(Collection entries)
↓
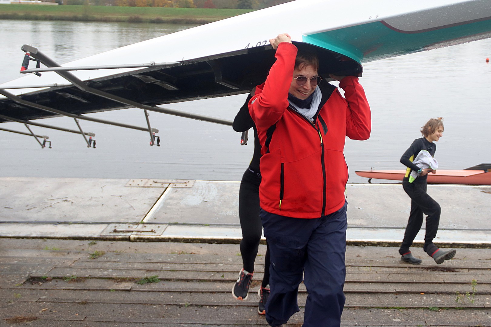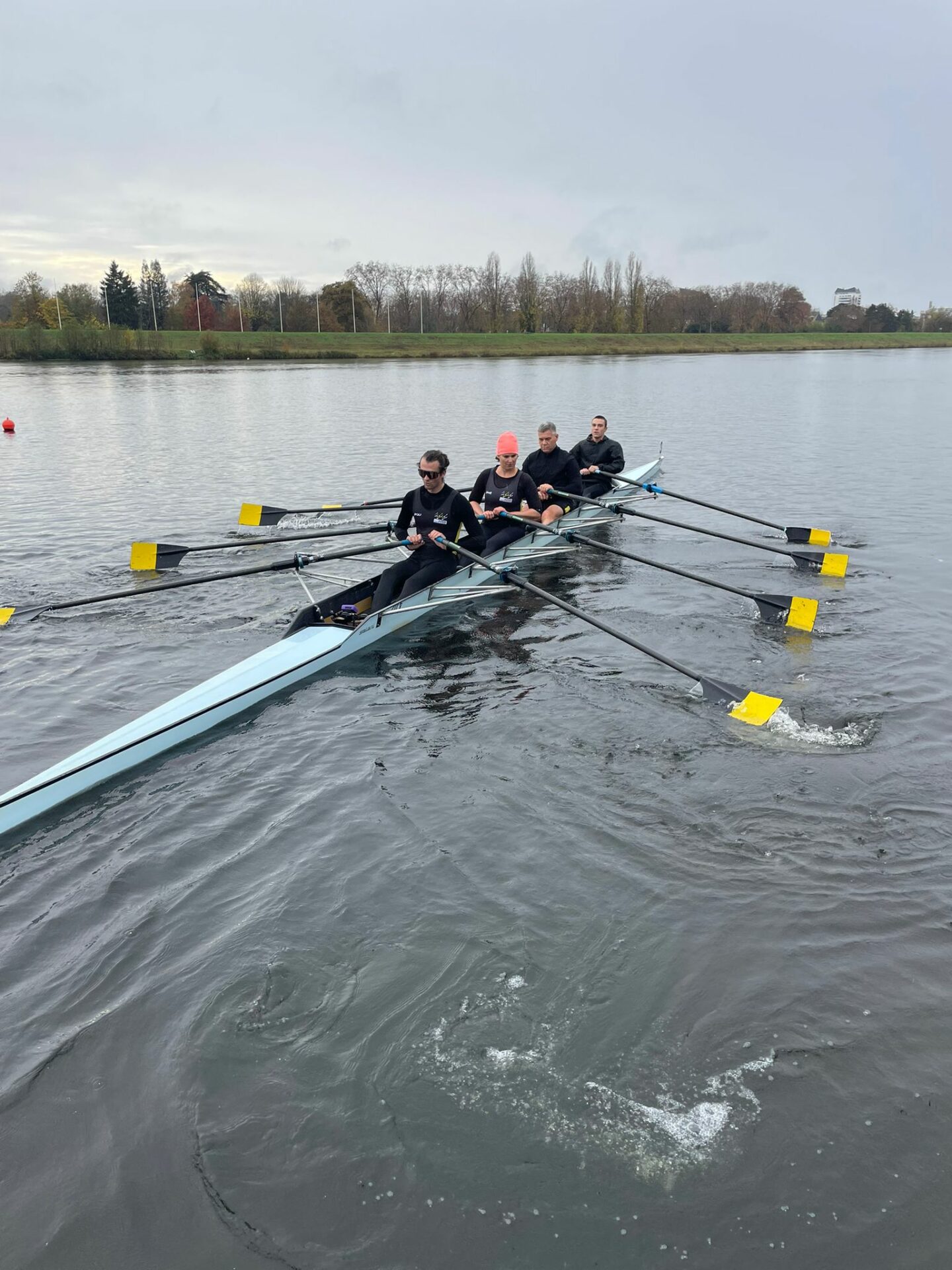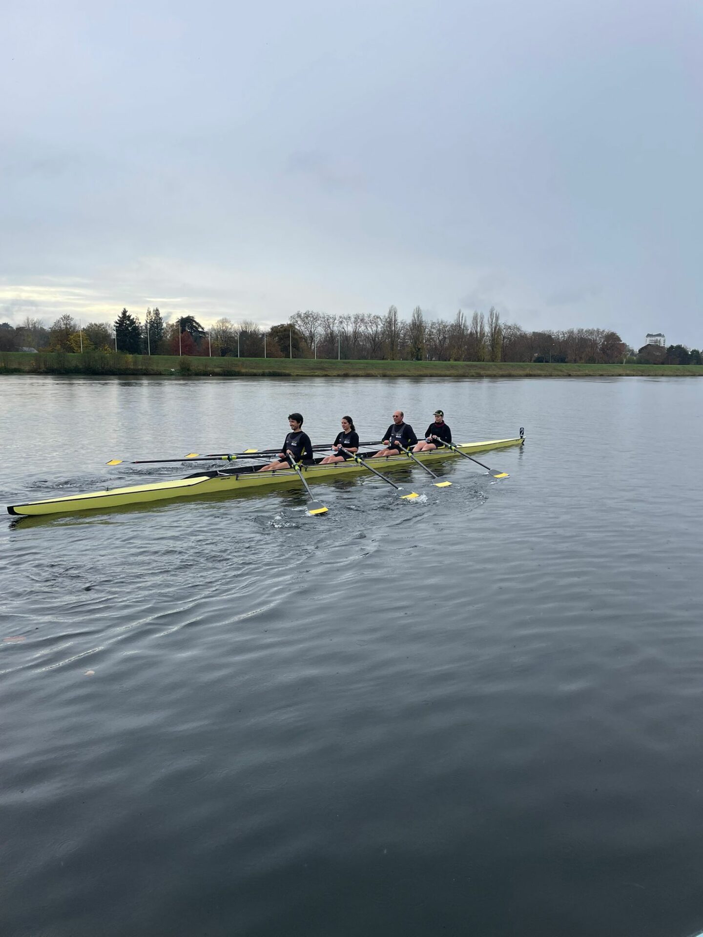 Malvina raconte la course en 4 Master Mixte de couple de l’après-midi : « avec Emma, Lionel et Sam nous avons pu tester notre nouvelle équipe en 4 de couple. Les entrainements ont débuté en novembre seulement mais nous ne pouvions pas manquer l’Animation Automnale ! Pour nous, Tours était une étape préparatoire en vue de Mâcon en février 2026. Notre bateau a été réglé par Yves la semaine précédente (Merci Yves parce que c’est tellement agréable d’être bien réglés !), nous étions curieux de l’expérimenter en course pour la première fois. Au final, c’était une belle sortie, avec une cadence pas du tout prévue… 😅😂 Cadence portée par notre nage qui avait décidé de ne pas laisser Pierre-le-coach gagner. Pour conclure, plus que notre place au classement, c’est notre temps sur ce 1000m qui fait socle pour nos entrainements à venir »
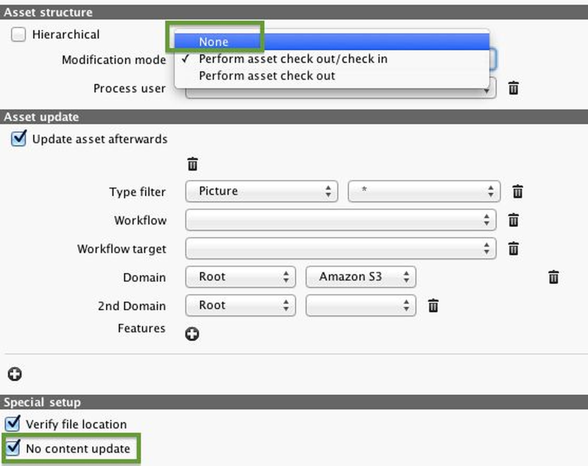 The activated option suppresses automatic content updates if the hash code remains unchanged for the master storage item. Using this new option, during check-in the storage items are verified by the Asset Management. Therefore the flag content update flag will be set. So you should also set "Modification mode" to "None" right above in the section "Asset structure" of the modules dialog.
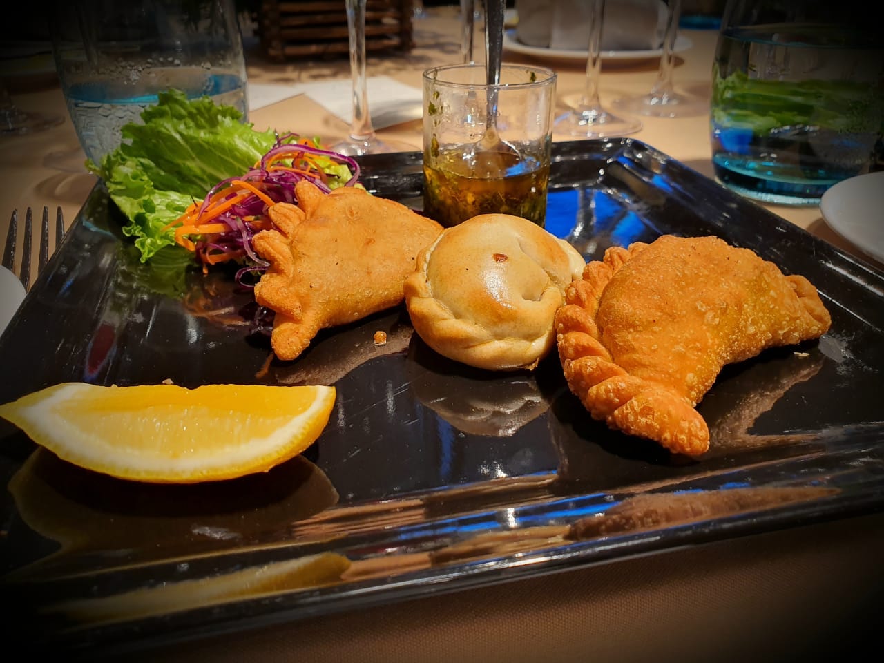 - Empanadas Argentinas con un toque local: empanadas de carne cortada a cuchillo, de humita y de camarones.
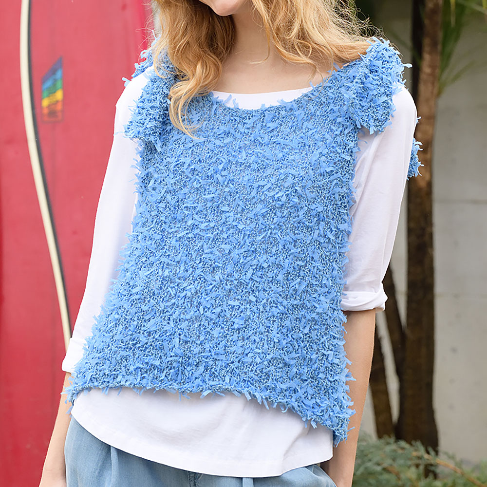 気軽に編めて遊び感覚で着られる肩リボンのベストはひらひらとした糸がとっても可愛い。目を落とさないようにだけ気をつければ、あとはとても簡単に、すぐに編めます。肩のリボンは結ぶ位置で印象が変わるので、お好みでどうぞ!
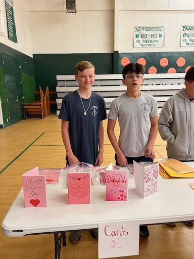 Throughouttrimester#2,eachofthesixelectiveclasses,grades6th8th,createditemstosellforourannualValentine’sDayMarket.Each class makes a gift idea reflective of the learnings in their specific class. The graphic design elective made posters, cards and bookmarks, floral design created flower arrangements, art elective designed original art images along with painted key chains and baking produced muffins and cookies. The gym was set up with beautiful gifts and the students ran their market for the student body. younger students had great fun shopping with their older school buddies! Business success, the market sold out before lunch. The classes raised over $1,100 purchasing duffle bags and birthday boxesfromTogetherWeRiseForChildreninfostercare.Thelaststep was decorating and stuffing the duffle bags including the birthday boxes, which were given to the Family Care Network. The students were gratified knowing their efforts provided joy to local children in need.
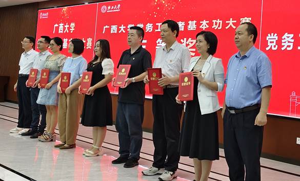 在广西大学6月21日至22日举办的首届广西大学党务工作者基本功大赛中,机关党委宣传部党支部组织员李真荣获专职组织员组三等奖。
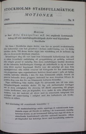 Motion angående kommunala bidrag till icke statsbidragsberättigade skolor med högstadium i Stockholm - Stadsfullmäktige 1969
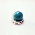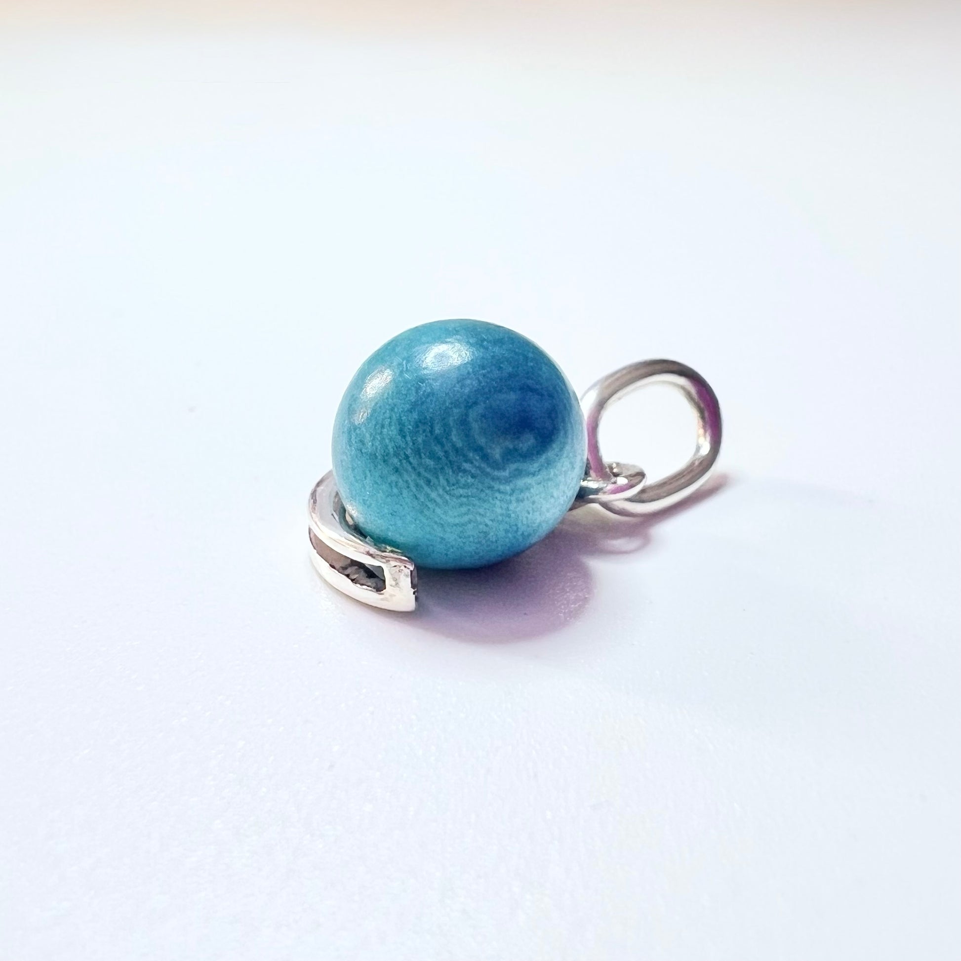 Au creux du croissant, une boule de tagua bleue (9 mm), lisse et éclatante, apporte une touche vibrante et unique.
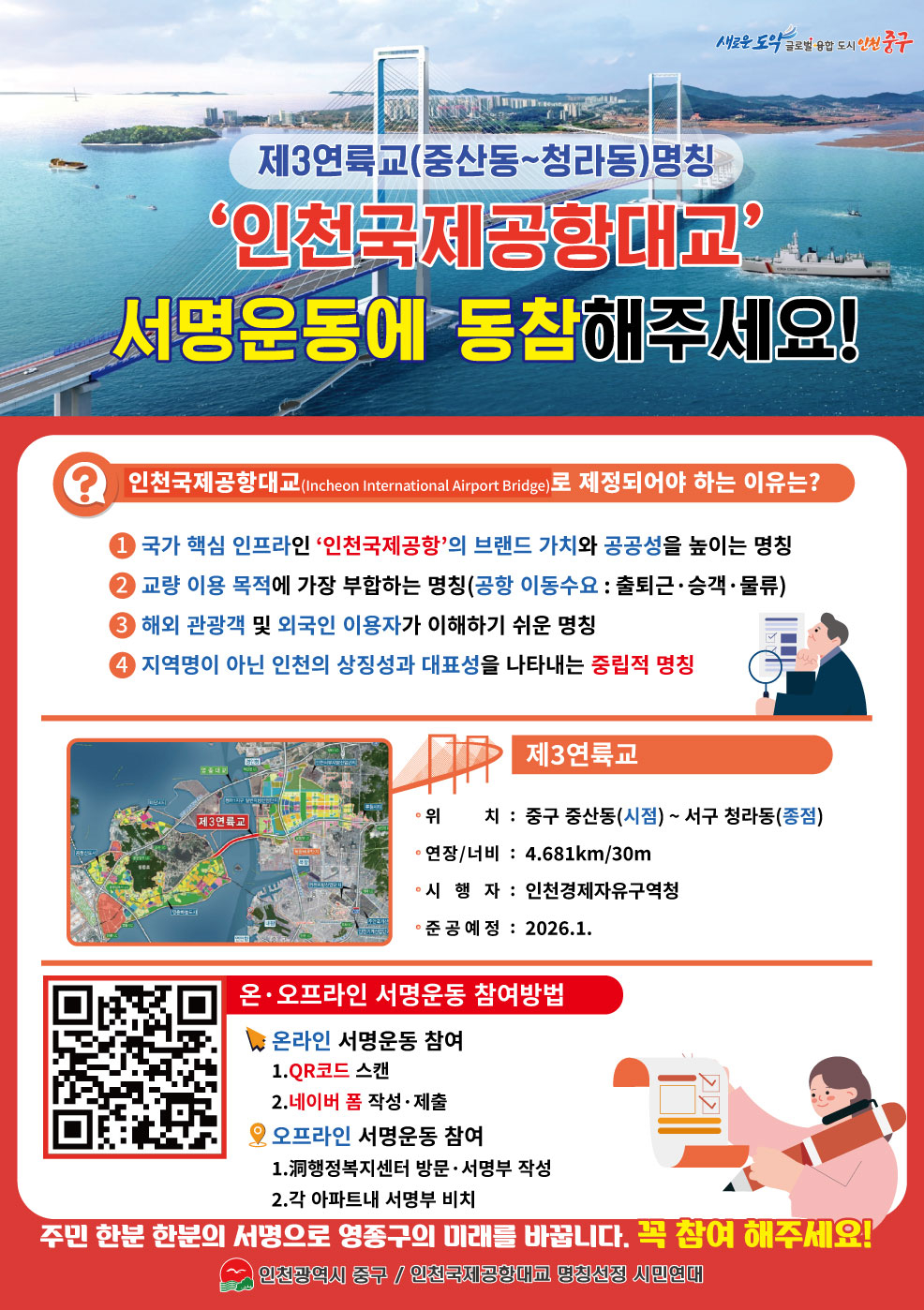 중구는 5일 ‘2025년 제4회 중구 지명위원회’를 열고 제3연륙교의 명칭을 ‘인천국제공항대교’로 최종 결정했다고 밝혔다. 이어 오는 26일까지 국토교통부 국가지명위원회에 재심의를 청구할 예정이다.
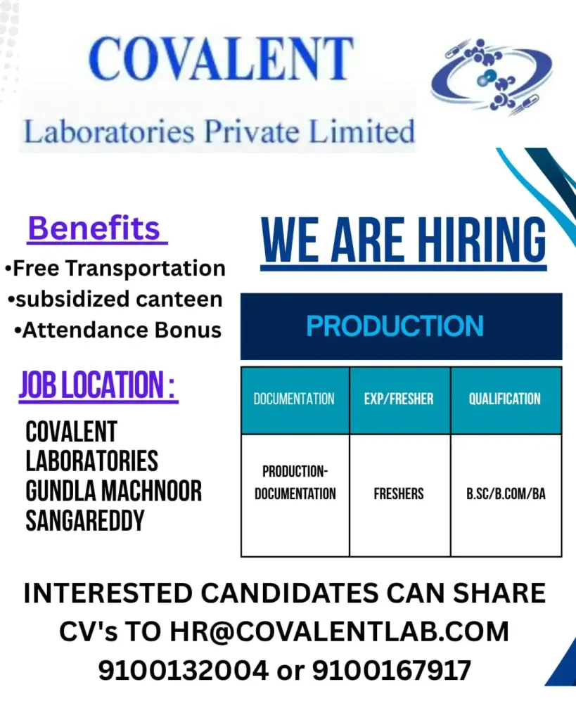 Covalent Laboratories Hiring Freshers for Production Jobs Documentation jobs in Telangana 2025. Apply now for full-time pharma career opportunities.
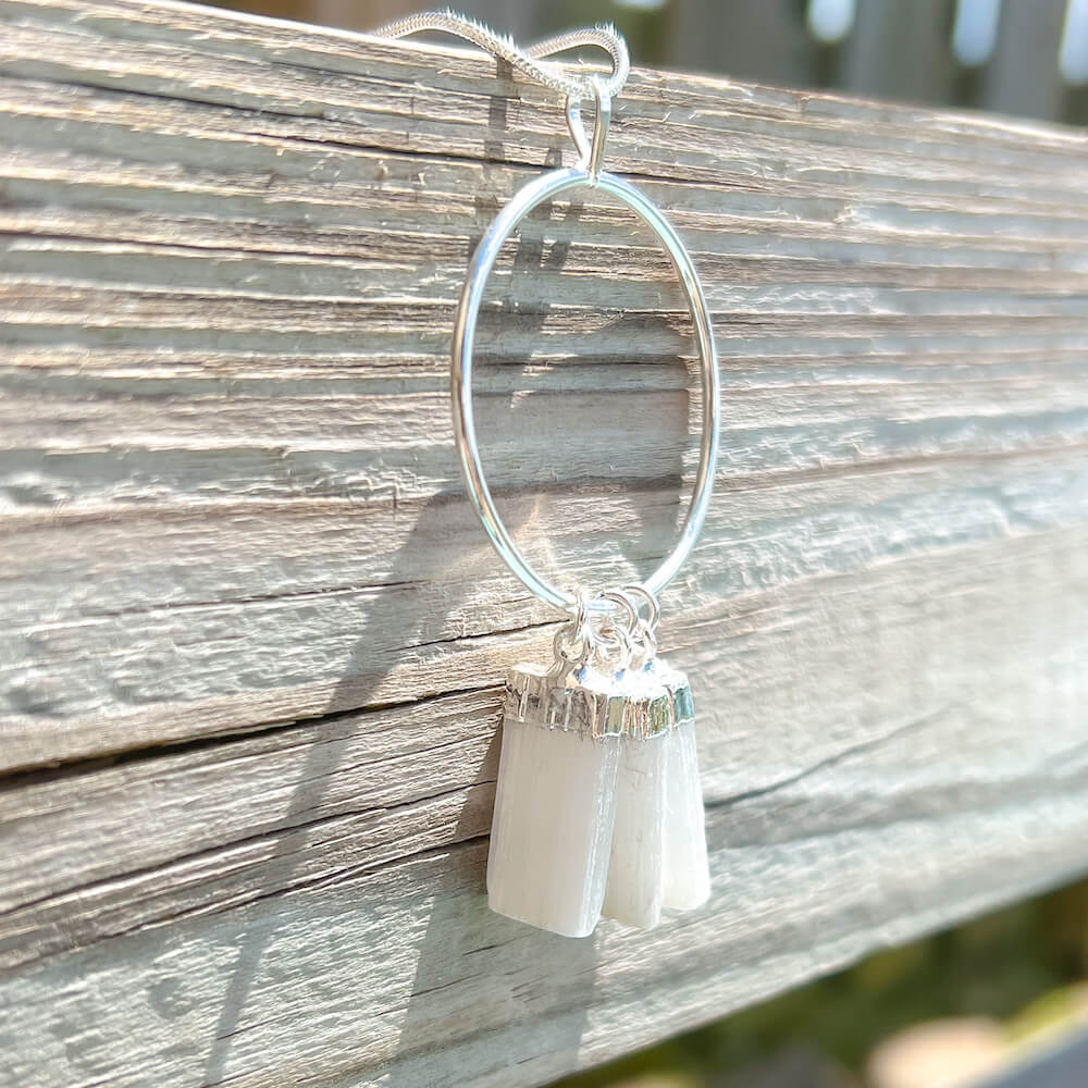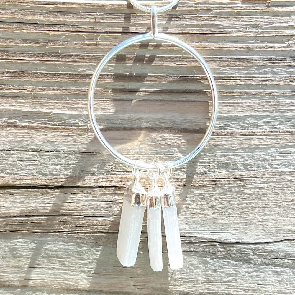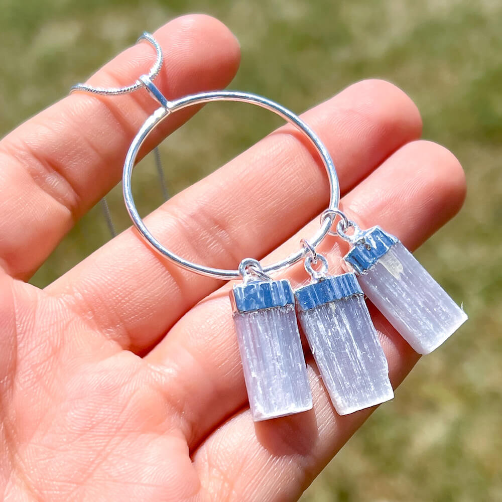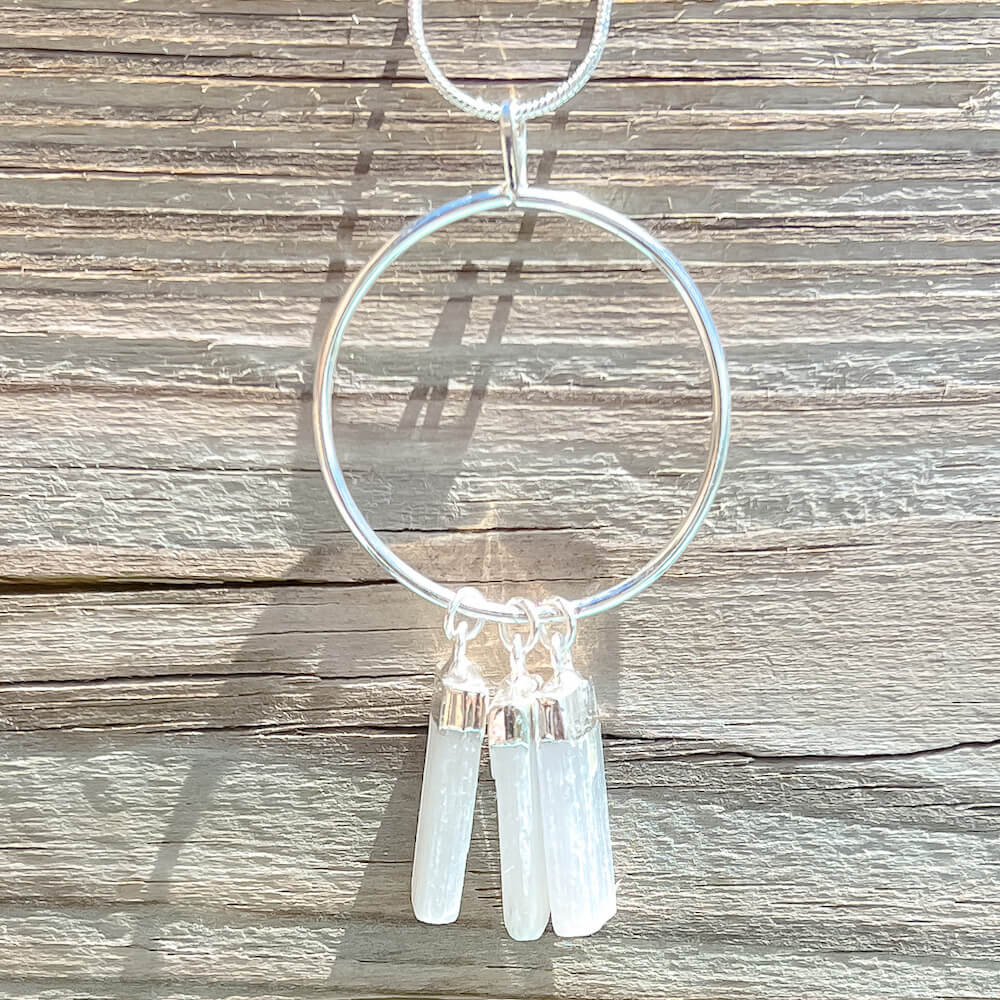 Triple Selenite Pendant Necklace
↑
Exercise: Would you copy out all the data exactly, without the images?

Worked solution:
 Malvina raconte la course en 4 Master Mixte de couple de l’après-midi : « avec Emma, Lionel et Sam nous avons pu tester notre nouvelle équipe en 4 de couple. Les entrainements ont débuté en novembre seulement mais nous ne pouvions pas manquer l’Animation Automnale ! Pour nous, Tours était une étape préparatoire en vue de Mâcon en février 2026. Notre bateau a été réglé par Yves la semaine précédente (Merci Yves parce que c’est tellement agréable d’être bien réglés !), nous étions curieux de l’expérimenter en course pour la première fois. Au final, c’était une belle sortie, avec une cadence pas du tout prévue… 😅😂 Cadence portée par notre nage qui avait décidé de ne pas laisser Pierre-le-coach gagner. Pour conclure, plus que notre place au classement, c’est notre temps sur ce 1000m qui fait socle pour nos entrainements à venir »
 The activated option suppresses automatic content updates if the hash code remains unchanged for the master storage item. Using this new option, during check-in the storage items are verified by the Asset Management. Therefore the flag content update flag will be set. So you should also set "Modification mode" to "None" right above in the section "Asset structure" of the modules dialog.
 - Empanadas Argentinas con un toque local: empanadas de carne cortada a cuchillo, de humita y de camarones.
 気軽に編めて遊び感覚で着られる肩リボンのベストはひらひらとした糸がとっても可愛い。目を落とさないようにだけ気をつければ、あとはとても簡単に、すぐに編めます。肩のリボンは結ぶ位置で印象が変わるので、お好みでどうぞ!
 Throughouttrimester#2,eachofthesixelectiveclasses,grades6th8th,createditemstosellforourannualValentine’sDayMarket.Each class makes a gift idea reflective of the learnings in their specific class. The graphic design elective made posters, cards and bookmarks, floral design created flower arrangements, art elective designed original art images along with painted key chains and baking produced muffins and cookies. The gym was set up with beautiful gifts and the students ran their market for the student body. younger students had great fun shopping with their older school buddies! Business success, the market sold out before lunch. The classes raised over $1,100 purchasing duffle bags and birthday boxesfromTogetherWeRiseForChildreninfostercare.Thelaststep was decorating and stuffing the duffle bags including the birthday boxes, which were given to the Family Care Network. The students were gratified knowing their efforts provided joy to local children in need.
 在广西大学6月21日至22日举办的首届广西大学党务工作者基本功大赛中,机关党委宣传部党支部组织员李真荣获专职组织员组三等奖。
 Motion angående kommunala bidrag till icke statsbidragsberättigade skolor med högstadium i Stockholm - Stadsfullmäktige 1969
 Au creux du croissant, une boule de tagua bleue (9 mm), lisse et éclatante, apporte une touche vibrante et unique.
 중구는 5일 ‘2025년 제4회 중구 지명위원회’를 열고 제3연륙교의 명칭을 ‘인천국제공항대교’로 최종 결정했다고 밝혔다. 이어 오는 26일까지 국토교통부 국가지명위원회에 재심의를 청구할 예정이다.
 Covalent Laboratories Hiring Freshers for Production Jobs Documentation jobs in Telangana 2025. Apply now for full-time pharma career opportunities.
 Triple Selenite Pendant Necklace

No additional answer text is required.